§ **WHAT YOU NEED TO DO**: From the records below, copy out exactly the lines from the one containing "22 июня 2006" to the one containing "Поклониться памяти павших", both included. Add nothing else.

§ **MATERIAL SHOWN**:

# # #

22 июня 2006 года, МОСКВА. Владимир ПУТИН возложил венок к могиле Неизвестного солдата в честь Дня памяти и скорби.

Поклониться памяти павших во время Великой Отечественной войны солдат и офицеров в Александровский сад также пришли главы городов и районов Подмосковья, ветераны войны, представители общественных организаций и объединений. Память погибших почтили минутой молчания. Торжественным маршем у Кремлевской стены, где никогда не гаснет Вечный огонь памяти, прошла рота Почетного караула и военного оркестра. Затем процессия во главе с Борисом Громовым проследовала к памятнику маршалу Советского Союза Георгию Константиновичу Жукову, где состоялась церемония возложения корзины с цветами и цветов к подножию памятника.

# # #

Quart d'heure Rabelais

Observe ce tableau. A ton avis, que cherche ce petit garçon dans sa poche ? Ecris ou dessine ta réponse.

# # #

§ **YOUR RESPONSE**:
22 июня 2006 года, МОСКВА. Владимир ПУТИН возложил венок к могиле Неизвестного солдата в честь Дня памяти и скорби.

Поклониться памяти павших во время Великой Отечественной войны солдат и офицеров в Александровский сад также пришли главы городов и районов Подмосковья, ветераны войны, представители общественных организаций и объединений. Память погибших почтили минутой молчания. Торжественным маршем у Кремлевской стены, где никогда не гаснет Вечный огонь памяти, прошла рота Почетного караула и военного оркестра. Затем процессия во главе с Борисом Громовым проследовала к памятнику маршалу Советского Союза Георгию Константиновичу Жукову, где состоялась церемония возложения корзины с цветами и цветов к подножию памятника.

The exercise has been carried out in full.